With the market’s consolidation over the past week our longer term survey (200 day moving average evaluation) remains unchanged while our more sensitive survey shows more subsurface deterioration. The fact that our more sensitive MATA survey has yet to put a significant dent in the longer-term trend supports the notion that we are experiencing an intermediate-term correction within an ongoing bull market.
* Note: For further explanation of the market surveys and background on analysis, please click here.
200 Day Moving Average Evaluation
As shown in the table below, the net percentage of stocks in uptrends and downtrends remained unchanged from the prior week at 77% and 23% respectively. With roughly 3 out of every 4 stocks in the S&P 500 in uptrends and above their long-term moving average, the stock market’s long-term trend remains positive. In terms of sectors, the financials continue to take the top spot with 93% of their members in uptrends with energy and telecommunication services bringing up the rear with only 42% and 38% in uptrends respectively.
Classifying the four categories for the survey in terms of seasons helps to gauge the market’s maturity. This bull market remains dominated by the early bull market (AF, Spring) and late bull market (AR, Summer) categories, indicating the age of this bull market is still in its early stages. Given the percentage of stocks in the early topping out phase (Fall, BR) that occurs before stocks move into their own private bear markets remains the smallest group with only 1%, there is simply no evidence that the stock market is putting in a top and why we believe current market weakness is merely an intermediate-term correction.
Over the past few weeks with the market’s pullback we have seen the percentage of stocks in the AR category fall from 65% on March 30th to 45% as of today and the percentage of stocks in the AF category rise from 18% on March 30th to 32%. What is vitally important to understand is that the present bull market that began after the October 2011 lows is still young in maturity to where a large portion of the stocks in the S&P 500 have flat 200d MAs as they were just starting to turn up when the market began to correct.

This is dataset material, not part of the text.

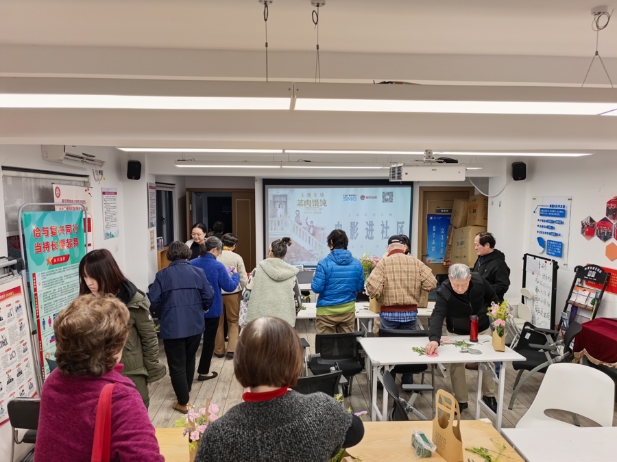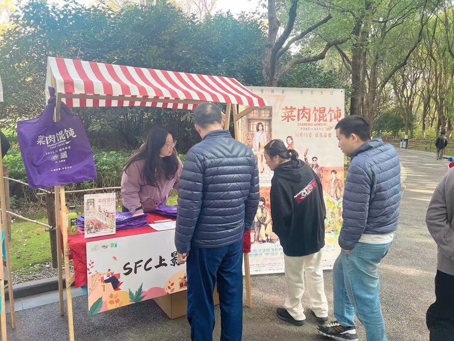 今年9月起,上海电影之城启动“电影进社区”影迷活动,覆盖全市各区,累计铺设点位25处,助力宣传《菜肉馄饨》等上海出品优质电影,为社区居民介绍影片基本信息,发送宣传物料,并联系活动附近影院经理到场优惠售票。陈敏记得,影片在古美社区宣传时,主演茅善玉和“时髦阿姐”一起演唱了《敦煌女儿》的片段,现场热闹非凡,片中的“惊喜彩蛋”乒乓名将倪夏莲来到现场与居民互动,极大调动了居民的观影热情。“主创团队亲临现场,更能带动老年人的观影期待。不少阿姨、爷叔当场表达了观影意愿,上映后很多商户推出联名美食和优惠活动,也离不开前期社区活动积累的口碑与人气。”

Moving Average Trend Analysis (MATA)
We saw a further worsening in the MATA survey for the S&P 500 in which the percentage of stocks in uptrends decreased from 58% to 53% with a corresponding increase for stocks in downtrends from 19% to 20% from last week’s reading. The percentage of stocks that are trendless increased from 23% to 27%.
With 27% of the S&P 500 in the trendless category, any strength on the downside or upside could potentially increase the downtrend and uptrend categories in the weeks ahead. For evidence to support that the current intermediate-term correction is over, we will need to see the percentage of S&P 500 members in confirmed uptrends begin to expand again and exceed the 65%-70% healthy threshold.
52-Week Highs and Lows Data
The data for the S&P 500 for 52-week highs and lows continues to suggest a healthy bull market. Over the past month 25% of the S&P 500 (125 stocks) hit a 52-week high while only 4% (18 stocks) hit new 52-week lows indicating, once again, that the market is not in the process of putting in a major top. During such market tops you typically see nearly an equal percentage of stocks making new 52-week lows and highs as the market begins to deteriorate, which is clearly not seen in the data below.
Another point of interest is that two of the top three sectors in terms of participants making new 52-week highs are cyclicals, with consumer discretionary at 41% and technology at 31% (see chart). These sectors often peak ahead of the market given their cyclical nature and the fact that these are some of the strongest sectors suggests the market remains constructive. The energy sector remains a mess with new 52-week lows seven times greater than the percentage of new 52-week highs as falling coal and natural gas prices are hurting the sector.
Summary
Given the above, the clear message is a healthy market with broad-based participation not showing any indication of rolling over into a bear market. Rather, we believe current market action reflects an intermediate term correction within the context of a bull market that began off the October 2011 lows. One interesting dynamic that is likely to lead to sector rotation in the near future will be the breakdown or breakout of the USD from its consolidation this year. A breakout should benefit negative inflation-sensitive groups like consumer staples and consumer discretionary while a breakdown in the USD should benefit commodity producers and exporters.